Task objective | Each line in the data must be reproduced as written, except for any picture.

Data provided |
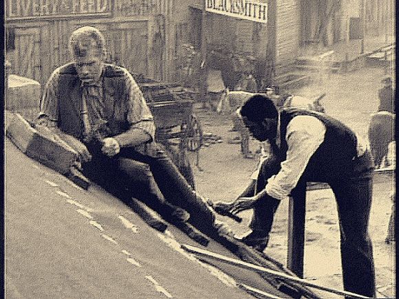 Chris stretched his legs and crossed his ankles, settling for a long story, his eyes back on the street. He let Buck's words wash over him, so familiar in their rhythm and tone they were soothing, almost. The words became a background noise when he shifted his attention to Josiah and Nathan, walking toward Nathan's clinic. Nathan was cradling one hand in the other, looking angry, while Josiah wore a huge, toothy grin. Yosemite exited the livery with a glowing piece of metal held by a long tong, and answered Josiah's wave with a nod. Soon he was hammering the iron on his anvil just outside the huge double doors. A few of the town children gathered around to watch, the Potter kids among them.
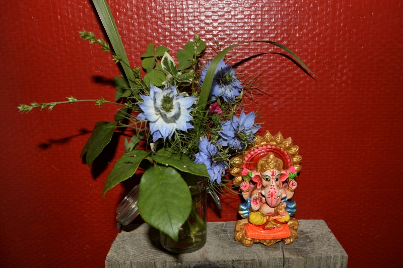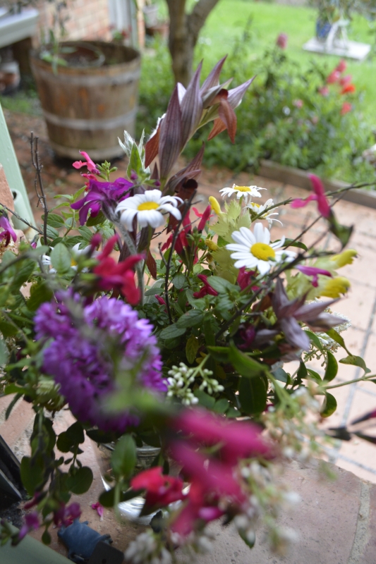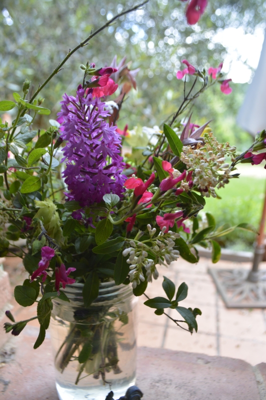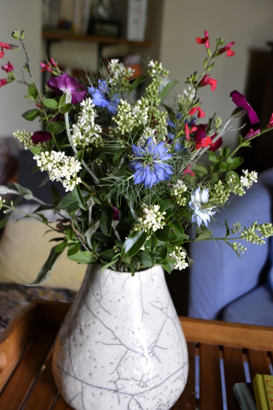 J’ai un peu craqué, et contrevenu à mes principes de ne pas couper les fleurs sur pied… elles se fanent tellement vite dans un vase ! Mais c’est vrai qu’avec la pluie et le vent de ces derniers jours, j’ai pensé qu’au fond elles seraient aussi bien à l’intérieur… et, pourquoi ne pas éclairer la maison avec ces couleurs ? Fleurs des haies, des champs, ou semi-sauvages… du violine au rose en passant par le bleu, le rouge, le blanc, une vraie symphonie !
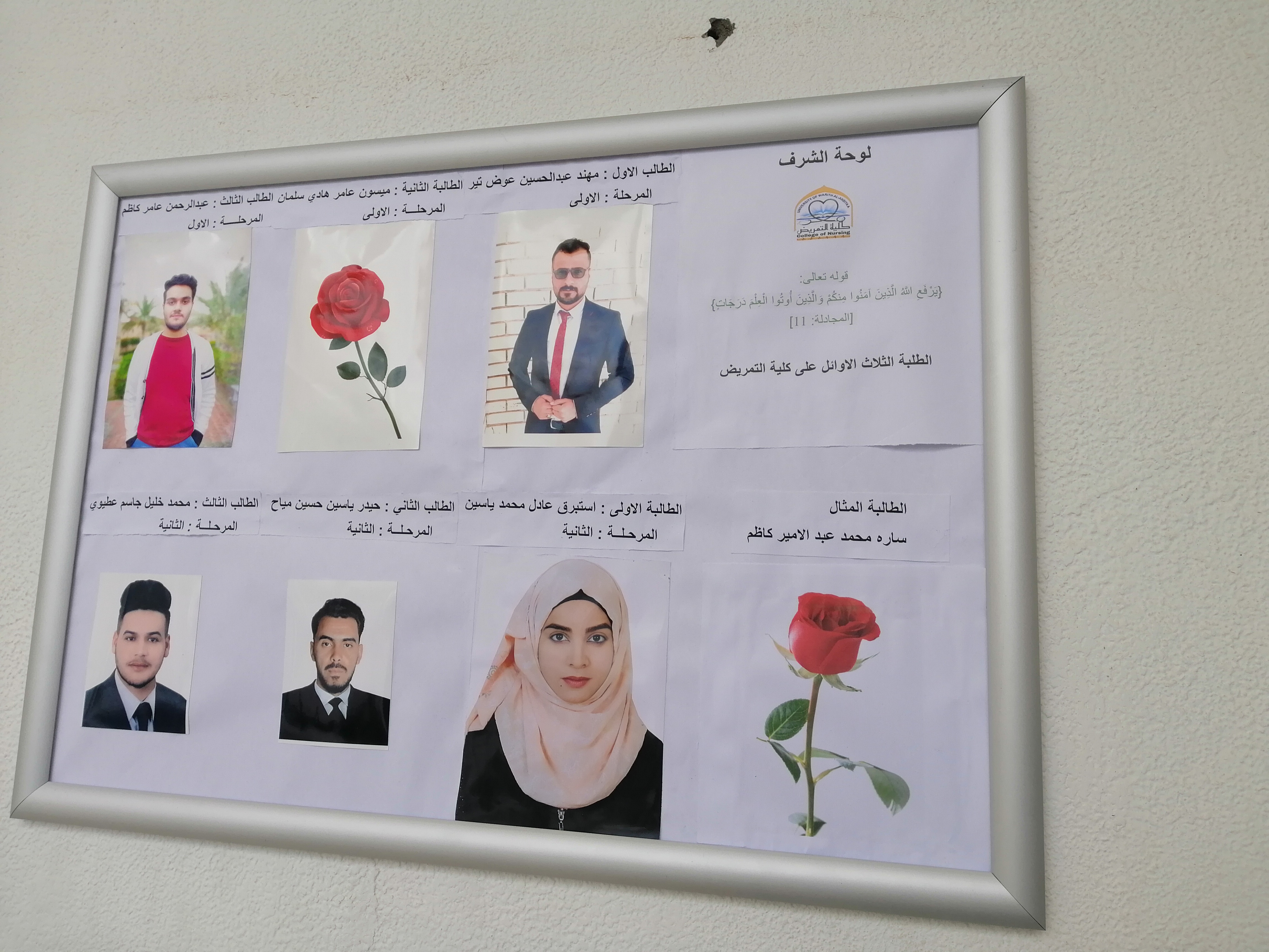 بادرت كلية التمريض بتعليق لوحة الشرف للطلبة الأوائل.

Output for this exercise |
 Chris stretched his legs and crossed his ankles, settling for a long story, his eyes back on the street. He let Buck's words wash over him, so familiar in their rhythm and tone they were soothing, almost. The words became a background noise when he shifted his attention to Josiah and Nathan, walking toward Nathan's clinic. Nathan was cradling one hand in the other, looking angry, while Josiah wore a huge, toothy grin. Yosemite exited the livery with a glowing piece of metal held by a long tong, and answered Josiah's wave with a nod. Soon he was hammering the iron on his anvil just outside the huge double doors. A few of the town children gathered around to watch, the Potter kids among them.
 J’ai un peu craqué, et contrevenu à mes principes de ne pas couper les fleurs sur pied… elles se fanent tellement vite dans un vase ! Mais c’est vrai qu’avec la pluie et le vent de ces derniers jours, j’ai pensé qu’au fond elles seraient aussi bien à l’intérieur… et, pourquoi ne pas éclairer la maison avec ces couleurs ? Fleurs des haies, des champs, ou semi-sauvages… du violine au rose en passant par le bleu, le rouge, le blanc, une vraie symphonie !
 بادرت كلية التمريض بتعليق لوحة الشرف للطلبة الأوائل.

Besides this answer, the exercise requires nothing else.